KUROSHITSUJI FF:
When She Wish Upon a Demon
Disclaimer: Yana Toboso
Part. 1: Gloria
Semuanya dimulai di malam itu—saat bunyi dentang jam terdengar di udara di akhir bulan November di umurku yang ke-12, aku mempelajari sesuatu yang tak pernah diajarkan oleh guru mana pun selama hidupku, sebuah kata bernama 'lies' atau 'kebohongan'.
Malam itu, angin dingin berhembus dari jendela kamar ibuku yang saat itu penuh keheningan. Pada pukul 11 tengah malam, ibuku meninggal. Meninggalkanku dan ayah tak hanya dalam kesedihan dan kesepian, tapi juga dengan perasaan terkhianati.
Aku sampai akhir pun tak bisa mencintaimu...
Kata – kata terakhir ibuku pada ayah sebelum dia masuk dalam tidurnya yang abadi telah membawa sebuah perubahan besar dalam hidup kami, terlebih lagi dalam hidupku.
Maafkan ayah, tapi ayah tak bisa lagi tinggal bersamamu...
Kata – kata terakhir yang kudengar dari ayahku sebelum dia pergi dari rumah dan tak kembali.
Di umur 12 tahun, kegelapan datang menghampiriku. Ibuku, Lady Elizabeth Middleford, meninggal di usianya yang muda. Dia meninggal dengan membawa perasaan cintanya yang tak pernah hilang pada Ciel Phantomhive. Cinta yang membuat ayahku merasa terkhianati dan pergi dari rumah.

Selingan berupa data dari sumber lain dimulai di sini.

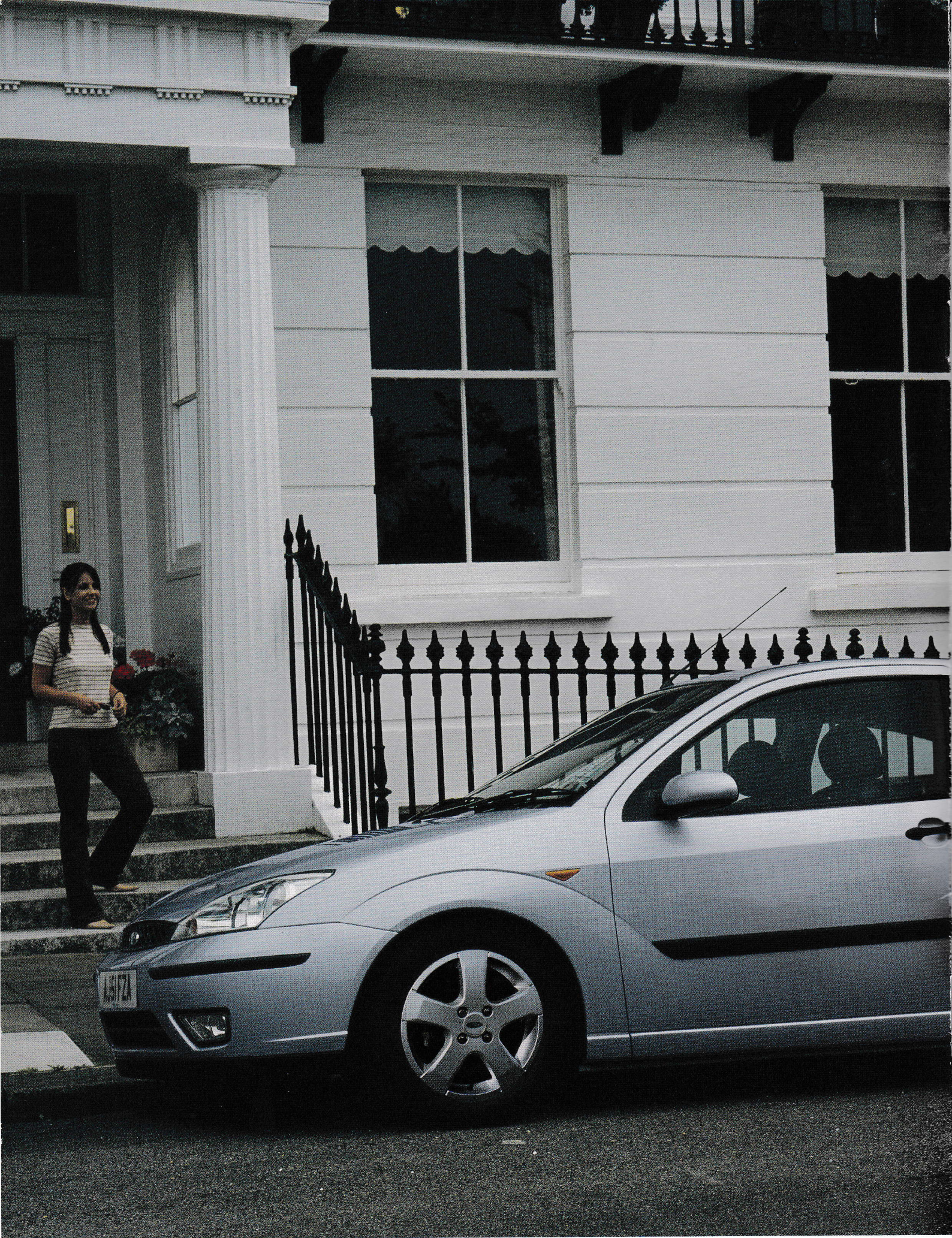
Model Focus Edge Colour Tonic
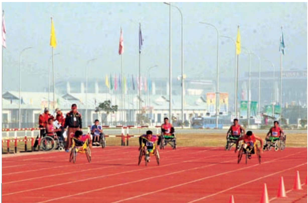
Athletes with disabilities taking part in men's 100-m wheelchair race at sports ground No 1 of Wunna Theikdi Stadium.—MNA

Myanmar, Fiji Friendship Football Match Myanmar U 22 0 - 0 Fiji U 20
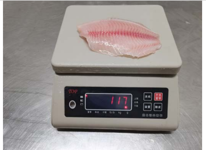
Weight of Defrost block (without ice) check

Aku berpikir mungkin berat baginya untuk melihat wajahku. Sama ketika aku melihat ke cermin, di mana terpantul bayangan seorang gadis berumur 12 tahun. Rambut hitam kebiruan yang dikepang dua, sepasang bola mata berwarna biru bagai batu safir, bibir kecil berwarna merah muda, dan kulit putih pucat yang halus. Itulah aku, Lady Ciel Middleford.
Di dalam sepi dan gelapnya mansion yang besar ini, aku menjerit sekuat tenaga di balik perasaan kesepian yang mencekikku.
"Seseorang,tolong aku!"
"Seseorang, tolong aku keluar dari sini! Seseorang ...!"
Aku meraba-raba jalanku , mencoba untuk menjangkau mereka dan mencari tangan mereka di dalam kandang kegelapan ini. Tapi semua yang kudapatkan hanya kekosongan dan deru angin.
Berhari – hari aku bergulat dengan perasaan bingung dalam diriku. Bertanya dosa apa yang telah kuperbuat sehingga semua orang yang kusayangi pergi meninggalkanku, mengkhianatiku.
Aku mempercayai mereka dan kesetiaan cinta yang mereka berikan padaku sejak kecil. Tapi, pada akhirnya mereka meninggalkanku dalam kegelapan dan kesendirian. Tak ada lagi tempat bagiku untuk bergantung, tak ada lagi yang bisa kupercaya.
Di saat semua perasaan itu mulai menghilang, aku berpikir sendirian tentang kenyataan hidupku. Di tengah bayang – bayang wajah dan senyum mereka yang kucintai, sekarang telah tercipta sebuah kabut tebal bernama kebencian yang menutupi masa laluku.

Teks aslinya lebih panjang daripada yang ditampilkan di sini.